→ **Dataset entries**
* * * * * * * * *

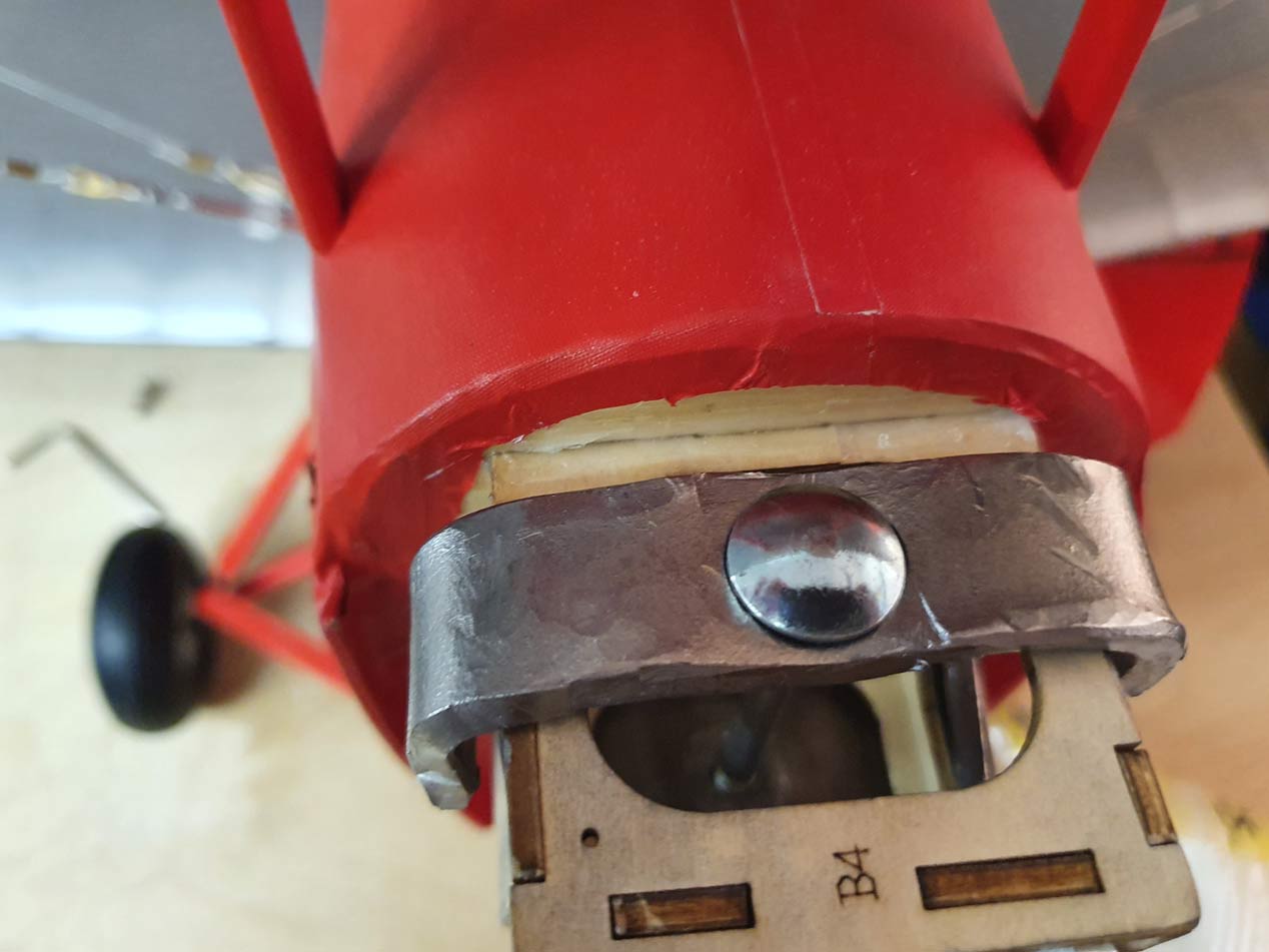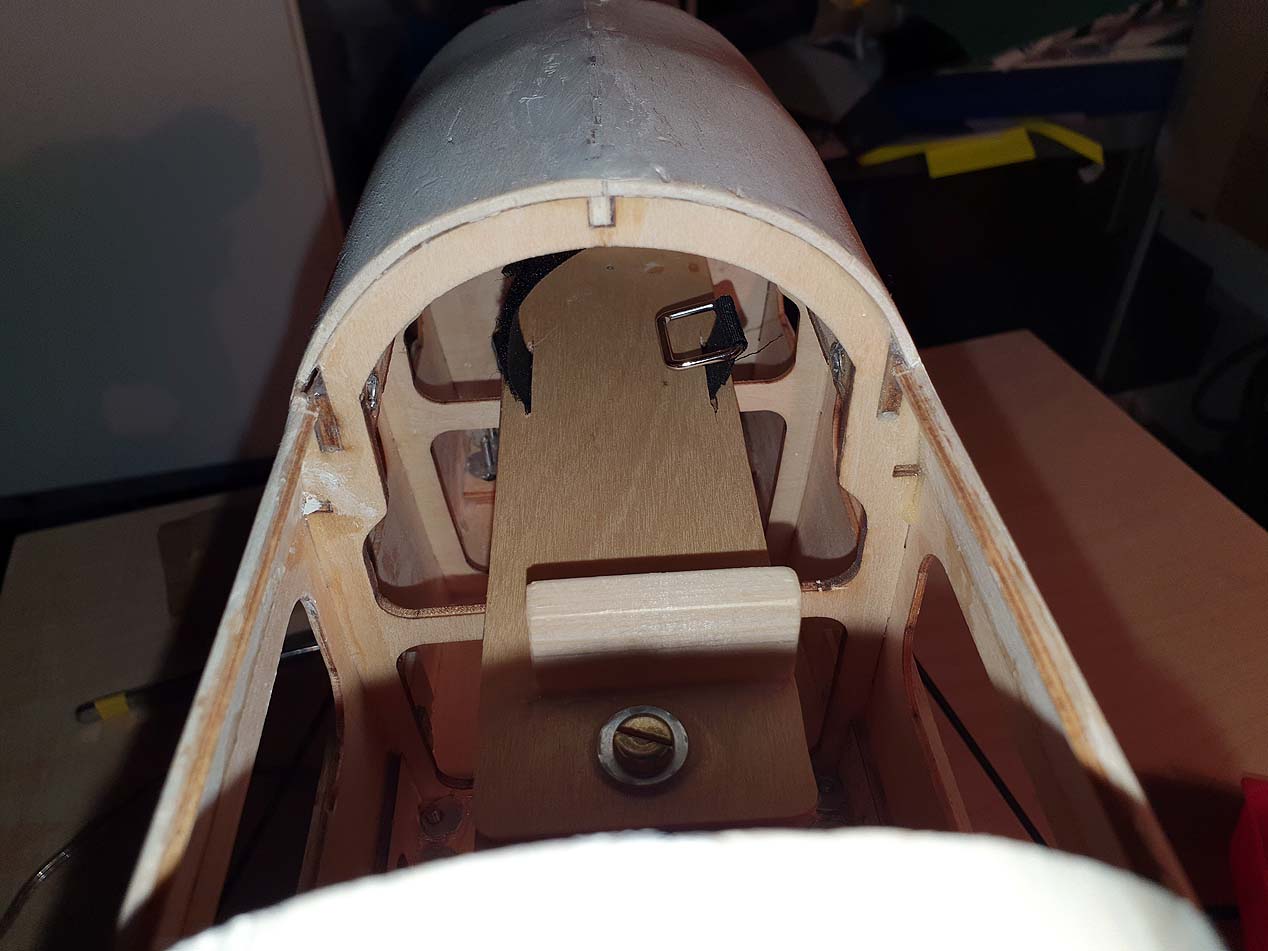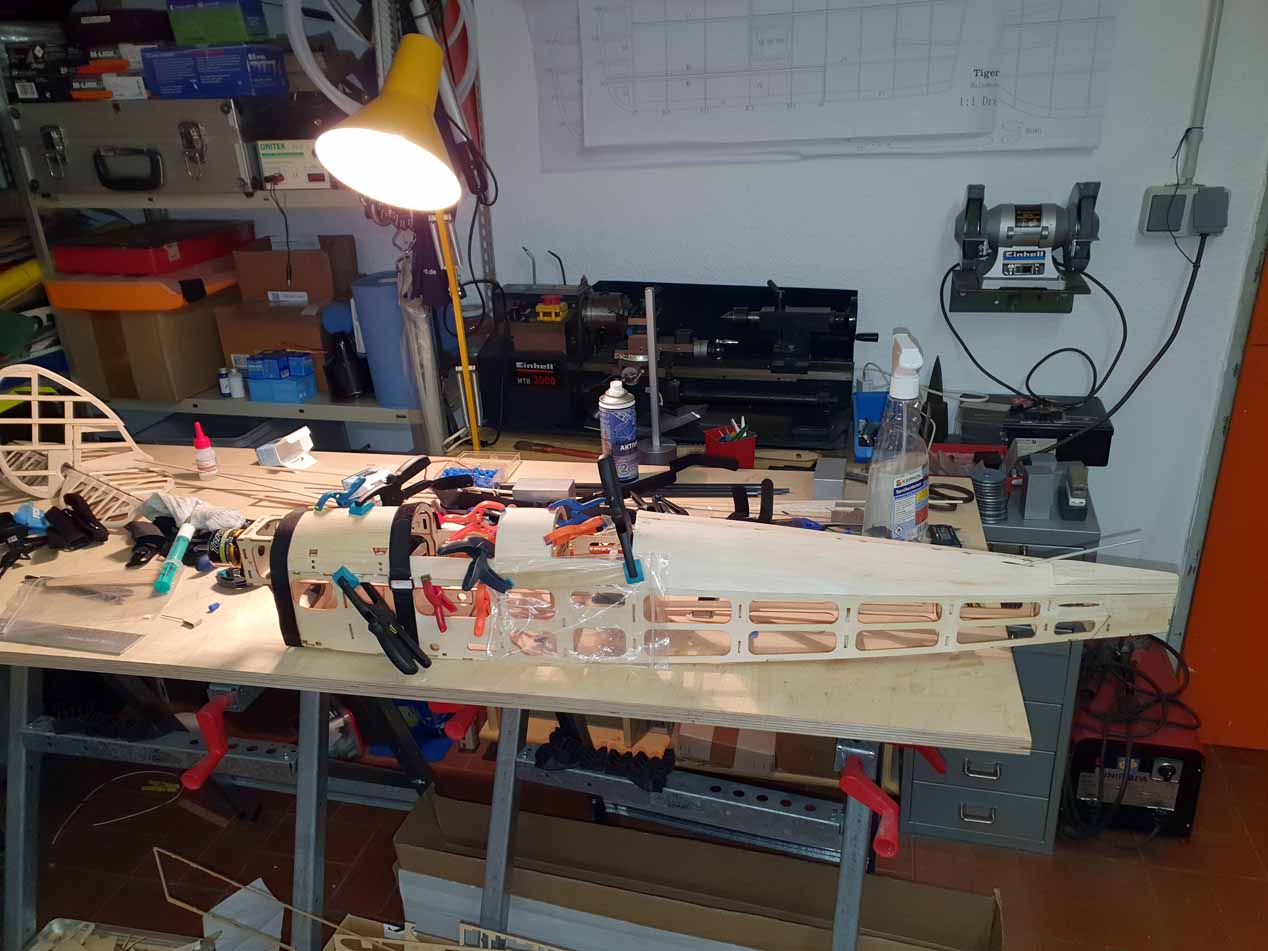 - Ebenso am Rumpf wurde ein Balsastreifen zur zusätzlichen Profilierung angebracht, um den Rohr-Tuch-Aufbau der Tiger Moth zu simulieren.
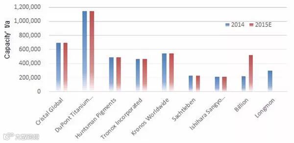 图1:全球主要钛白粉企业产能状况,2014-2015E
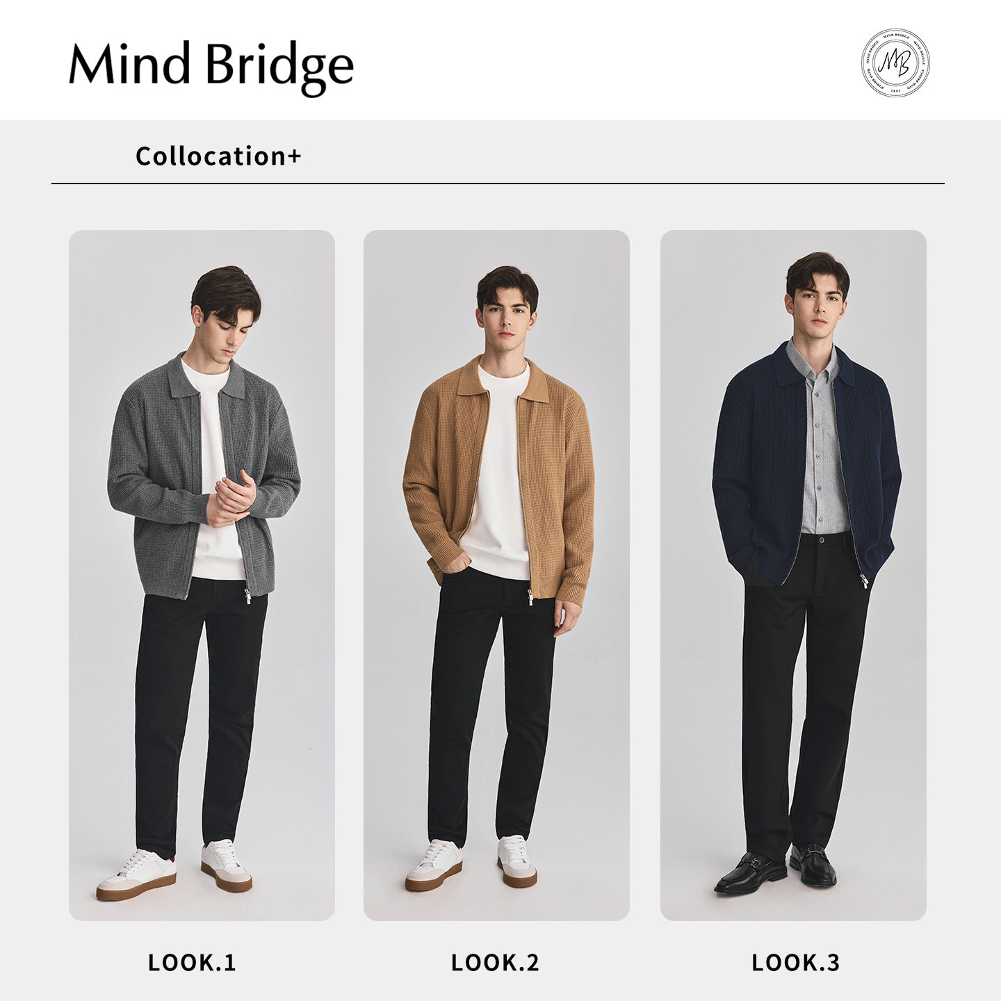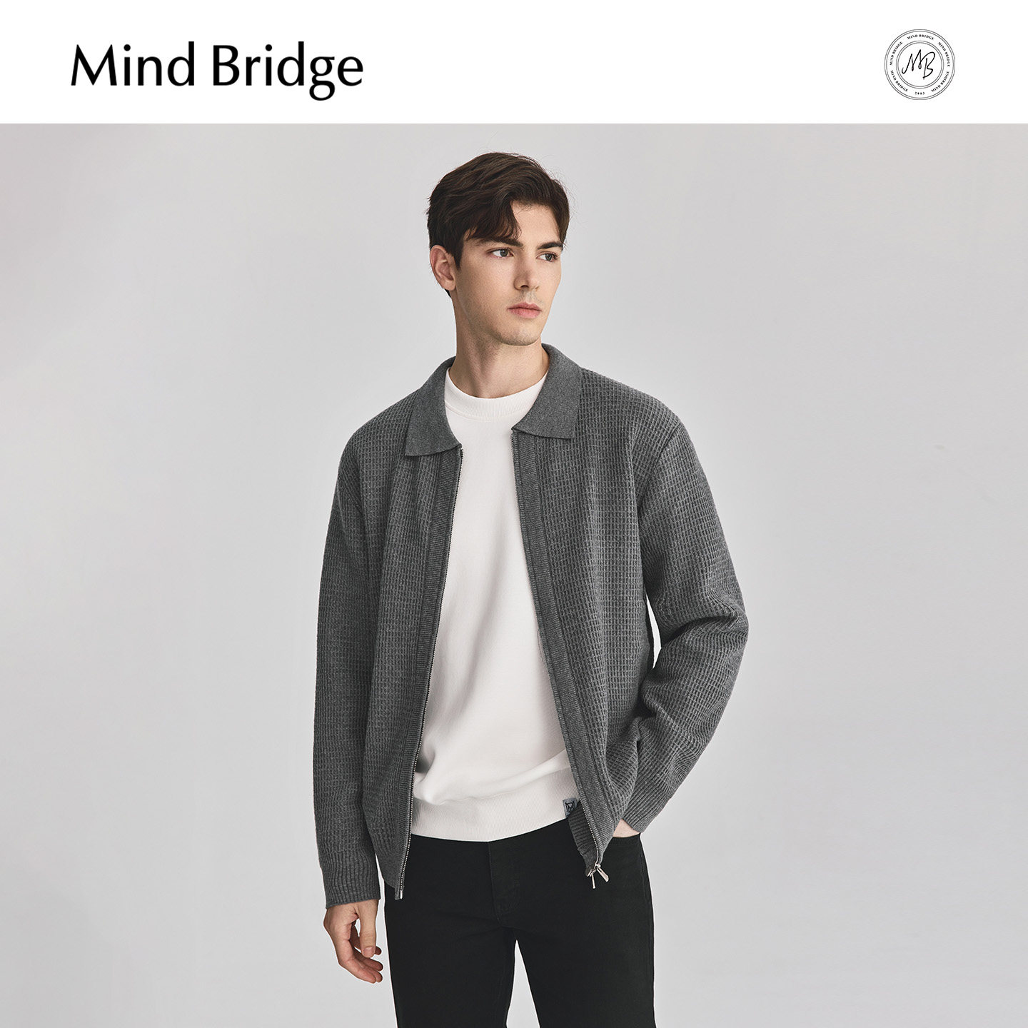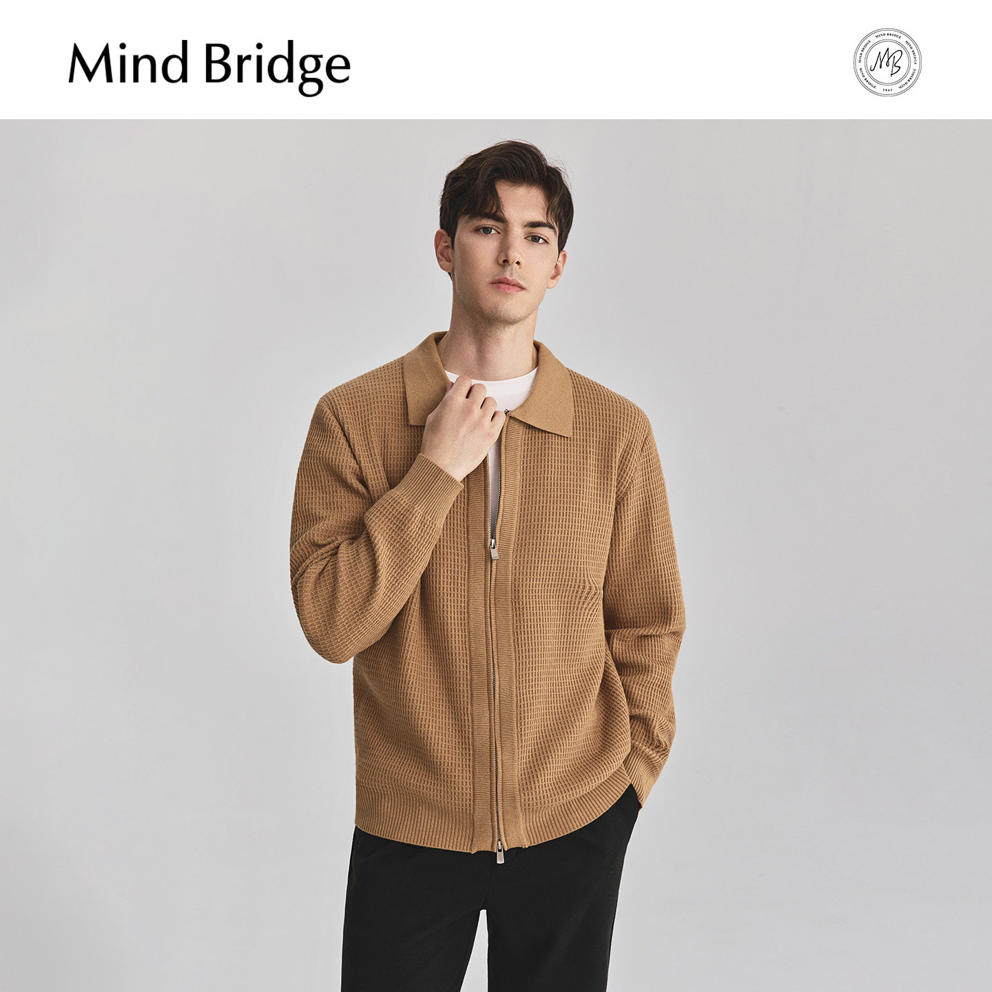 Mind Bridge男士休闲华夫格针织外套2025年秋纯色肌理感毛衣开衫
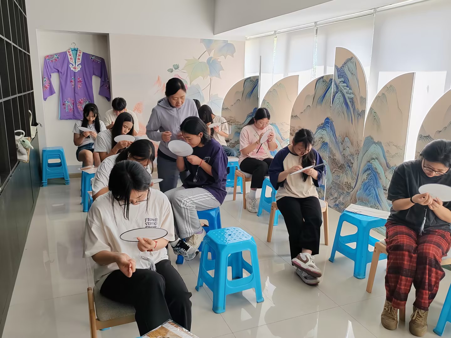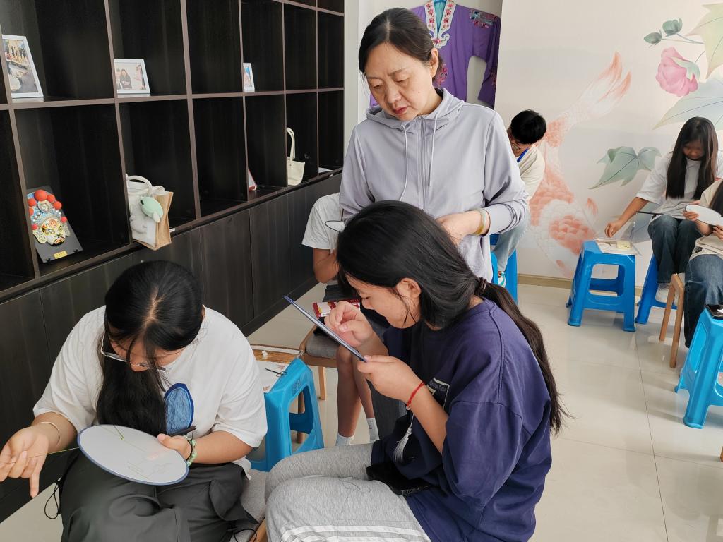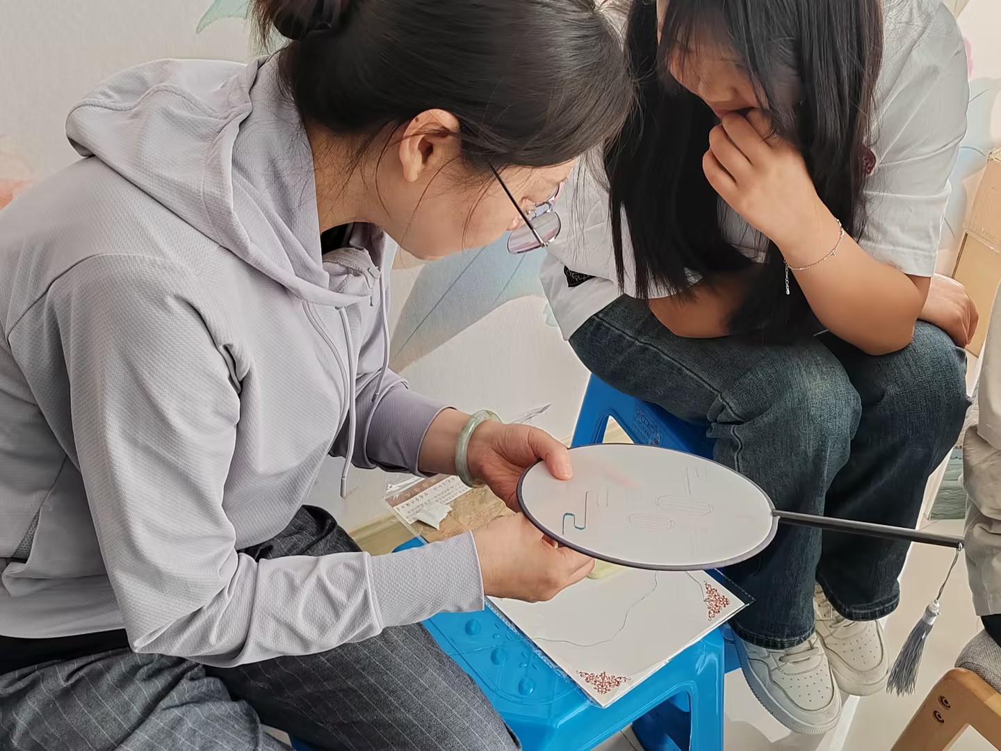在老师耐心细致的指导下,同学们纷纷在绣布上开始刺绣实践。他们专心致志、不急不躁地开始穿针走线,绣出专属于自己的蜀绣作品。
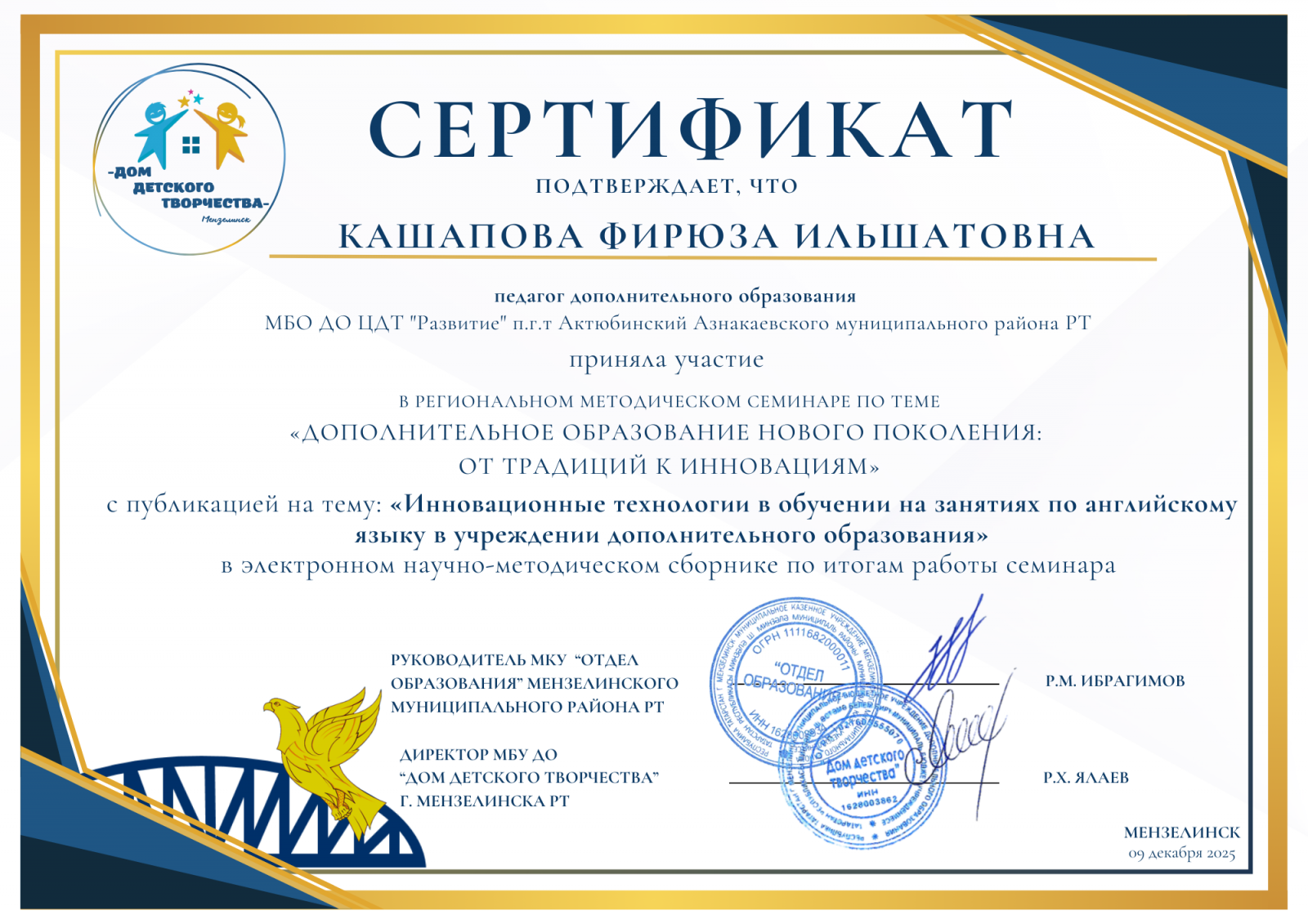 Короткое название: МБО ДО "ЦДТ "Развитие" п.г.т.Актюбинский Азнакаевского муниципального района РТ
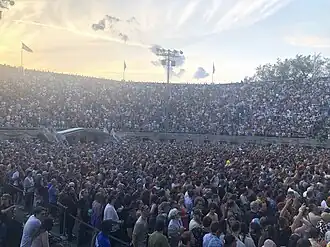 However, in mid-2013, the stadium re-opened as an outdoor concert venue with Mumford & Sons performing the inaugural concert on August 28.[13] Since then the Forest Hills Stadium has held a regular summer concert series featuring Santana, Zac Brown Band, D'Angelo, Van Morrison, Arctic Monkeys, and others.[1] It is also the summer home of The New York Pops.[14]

* * * * * * * * *

→ **TASK OBJECTIVE**
All of the entries above are to be duplicated exactly, with every image left out.

→ **EXPECTED ANSWER**
 - Ebenso am Rumpf wurde ein Balsastreifen zur zusätzlichen Profilierung angebracht, um den Rohr-Tuch-Aufbau der Tiger Moth zu simulieren.
 图1:全球主要钛白粉企业产能状况,2014-2015E
 Mind Bridge男士休闲华夫格针织外套2025年秋纯色肌理感毛衣开衫
在老师耐心细致的指导下,同学们纷纷在绣布上开始刺绣实践。他们专心致志、不急不躁地开始穿针走线,绣出专属于自己的蜀绣作品。
 Короткое название: МБО ДО "ЦДТ "Развитие" п.г.т.Актюбинский Азнакаевского муниципального района РТ
 However, in mid-2013, the stadium re-opened as an outdoor concert venue with Mumford & Sons performing the inaugural concert on August 28.[13] Since then the Forest Hills Stadium has held a regular summer concert series featuring Santana, Zac Brown Band, D'Angelo, Van Morrison, Arctic Monkeys, and others.[1] It is also the summer home of The New York Pops.[14]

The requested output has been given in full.